First Circuit Skirts the Issue of the Scope of the False Claims Act Regarding FDC Act Violations
December 9, 2013By John R. Fleder –
On August 8, 2013, we reported on a brief filed by the Department of Justice in United States ex rel. Ge v. Takeda Pharmaceutical Company Limited. The case involves the defendants’ alleged failure to timely report to FDA adverse drug events associated with certain drugs.
The government’s brief asserted that the court below had erred in relying on FDA’s Citizen Petition procedures as an “alternative administrative mechanism” that bars FCA actions. The brief also argued that failure to report adverse events to FDA can theoretically form the basis for FCA liability. The brief stated that pharmaceutical companies must report adverse events associated with their drugs to FDA. The government indicated that FDA approval is relevant to whether the government can reimburse for drugs under some government programs. The relator claimed that all of the claims for reimbursement submitted with regard to Takeda’s drugs were “false” because Takeda had not properly filed adverse events reports.

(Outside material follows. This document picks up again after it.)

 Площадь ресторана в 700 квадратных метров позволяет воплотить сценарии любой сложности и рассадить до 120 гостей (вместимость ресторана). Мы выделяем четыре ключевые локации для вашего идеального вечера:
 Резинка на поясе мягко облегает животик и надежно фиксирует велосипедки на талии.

The government concluded that the circumstances where a failure to report an adverse event could form the basis for FCA liability are “rare.” Indeed, the government stated that simply “alleging that a company failed to comply with FDA’s adverse event reporting requirements is insufficient to state an FCA claim.” The government further argued that compliance with the FDCA’s adverse event reporting requirements “is not, in itself, a material precondition of payment under Medicare or Medicaid.” In the government’s view, only when it is determined that the unreported adverse events “are so serious that the FDA would have withdrawn a drug’s approval for all indications had these events been properly reported” would the failure to report be material to the government’s payment decisions, and thus trigger a potential FCA action.

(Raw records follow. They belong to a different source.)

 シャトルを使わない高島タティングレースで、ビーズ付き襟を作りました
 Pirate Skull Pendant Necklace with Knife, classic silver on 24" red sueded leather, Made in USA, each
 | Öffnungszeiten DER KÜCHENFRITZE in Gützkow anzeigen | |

On December 6, 2013, the United States Court of Appeals for the First Circuit affirmed the lower court’s decision dismissing the case. The Court of Appeals concluded that the Relator’s Complaint was legally deficient under Rule 9(b) of the Federal Rules of Civil Procedure because of the absence of evidence that the defendants’ alleged misconduct resulted in the submission of false claims or the making of false statements. The Court also ruled that relator had not timely raised certain issues, such as the belated claim that the False Claims Act was violated under a FDC Act misbranding theory.
Unfortunately for those who were hoping for some clarity on the issue of the interplay between the False Claims Act and the FDC Act, the Court circumvented a ruling on that issue by affirming the dismissal on other grounds. Indeed, the Court made reference to DOJ’s brief only in a short footnote that neither adopted no rejected the approach suggested by DOJ. Thus, we will have to await another case to obtain clearer rulings from courts regarding the interplay between these two statutes.